Posted by Martin Vainstein - 8th September 2016


Despite facing mega dams, colonialism and more than 500 years of violence and neglect, the Munduruku People have stayed strong and continued fighting for justice. Here’s a brief insight from their General Chief Arnaldo Kaba Munduruku, from his recent visit to the UK to work alongside Greenpeace.

Munduruku man

Dams in the Tapajos region of the Amazon could be about to force the Munduruku Indigenous People to leave their home against their will, losing their way of life, culture and livelihood. One million people globally have backed the Munduruku’s call for an end to destructive dams in the fragile Amazon – and the world is beginning to listen. Though one battle has been won, a longer fight continues. Munduruku people are now fighting to stop the other dams which threaten their land – and most importantly, they are fighting to get their Indigenous land recognised by the government. Respect for their land will stop the dams for good.

About two weeks ago Arnaldo, together with his advisor Ademir came to the UK. While he visited many places and did many things I would like to recall one moment: the lunchtime talk in our London office where 80 people, counting both employees and volunteers, gathered together to hear what the Munduruku had to say. An eye opener for many, this opportunity was a very special moment and a humbling privilege where we gained a better understanding what it is like to to be at the forefront of the fight for climate justice, what is at stake and why we need to keep fighting. Here’s what they had to say.

Arnaldo Kaba Munduruku, General Chief of the Munduruku, started with the following words “I came here on behalf of my People to thank you for your support in our struggle. The cancellation of the mega dam in the Amazon is not only good for us, but for all the local communities living in the region”.

Ademir Kaba Munduruku, his political advisor, followed “Often when we talk about the Amazon we name its animals, its pink dolphins, it’s monkeys, its natural biodiversity, but the Amazon goes beyond that picture. There is a cultural diversity on the Amazon given by the forests people that inhabit and depend on it for its survival. It’s our duty as Munduruku People to defend our culture, our language, our knowledge, this means to defend our survival, our mere existence.”
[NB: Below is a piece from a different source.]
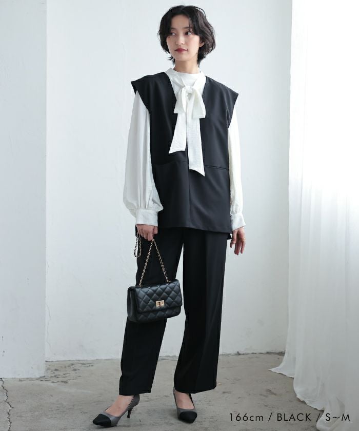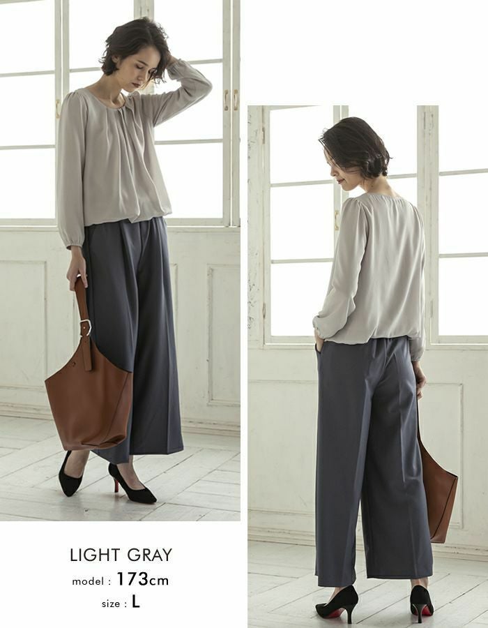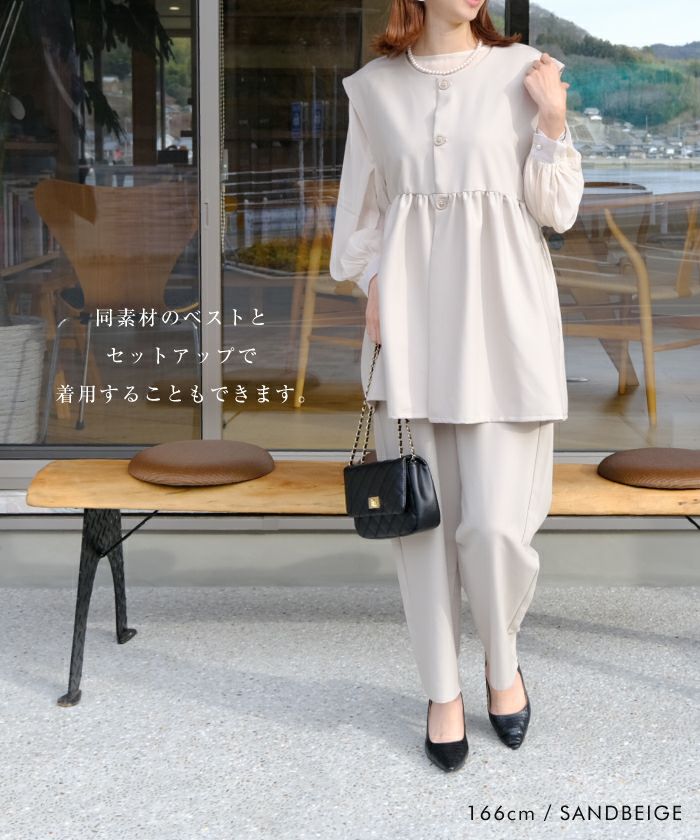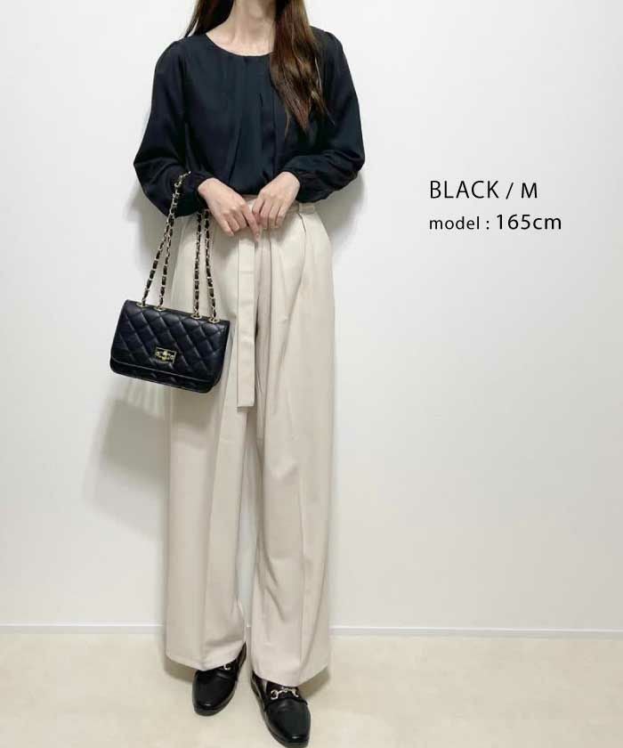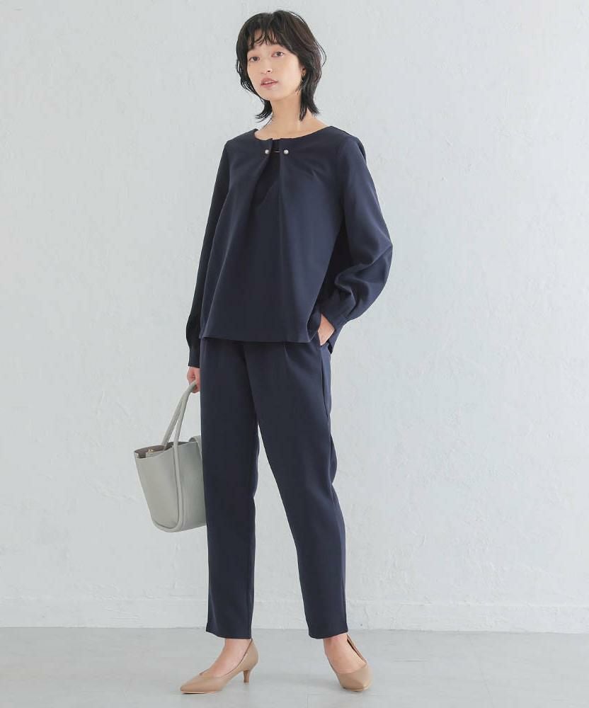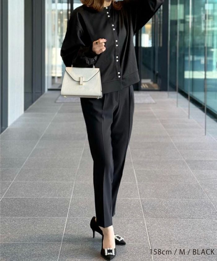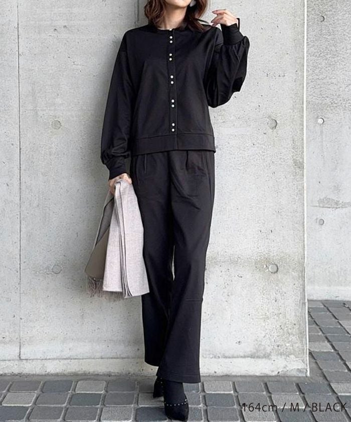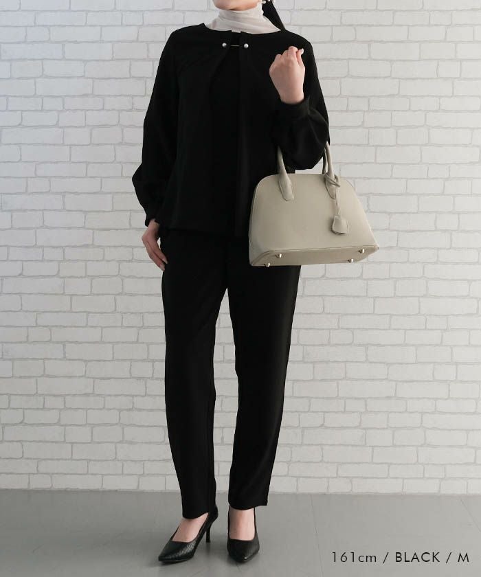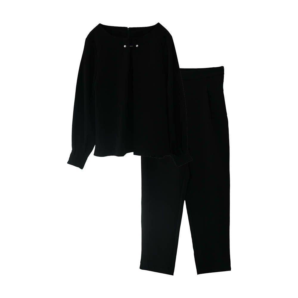 送料無料 パール付きブラウスパンツセットアップ レディース 春 秋 長袖 M L | アクアガレージ aquagarage
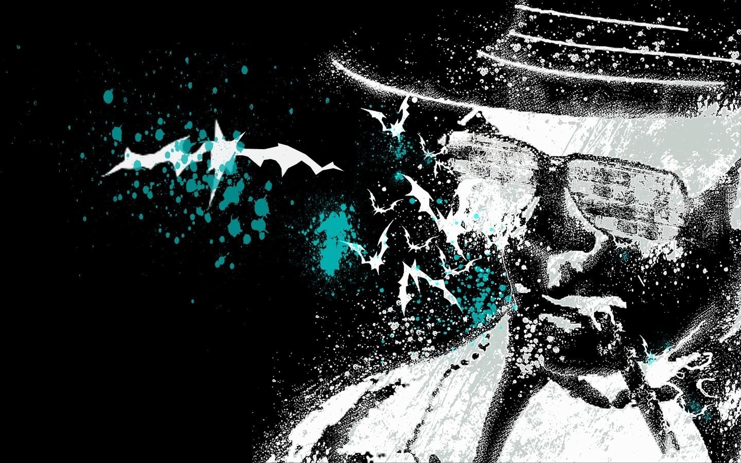 Description: A man with a hat and glasses in a black and white photo with a bat on it's side.

Along the same lines Arnaldo continued “There is no respect for our Indigenous legislation nor for the Brazilian Constitution and International treaties. They have been 500 years of massacres and violation of the Indigenous Peoples rights. We are still passed over as if Indigenous Peoples weren’t humans, as if we were being despised. Deforestation, extraction of minerals, it’s all part of a system that oppresses the poor, the ones that lack of economic power, a system that we need to continue challenging.

With a pretty packed agenda that included interviews with Channel 4 , visits to the British Museum where they got to see headdresses and other artifacts stolen Europeans in the 1800s and Siemens headquarters in Surrey, now was time to leave, but not without a few more words.

Before passing into their last words to us, I would like to stress the richness and depth of what they shared with us. It was so moving, so deep and meaningful that it’s impossible for me to put it into words. One of the most powerful things Arnaldo said that will stick with me for a long time is “Even when when we reach our final objective, we want you Greenpeace to stay in our side. Without you we would be ignored”. Indigenous Peoples and their culture are under threat and this proves how important support from across the world is to the Munduruku People. We must continue to amplify their voices and showing that our struggles are interconnected

Arnaldo said “They (the Brazilian Government and corporations involved in the building of the dams) think that we are a minority and that they can destroy us for their own benefit without regarding or respect for our right to life” and Ademir concluded “Their respect for our Land is not a favour, is their duty”.

There are various ways you can support and show solidarity with people in the front line: get versed in the issues, spread the word, send a message of solidarity, pressure companies and governments and take direct action. We need to build a diverse and inclusive movement, understand how race and class are barriers both in the UK and globally and ask ourselves questions about how we work alongside and in solidarity with front line communities.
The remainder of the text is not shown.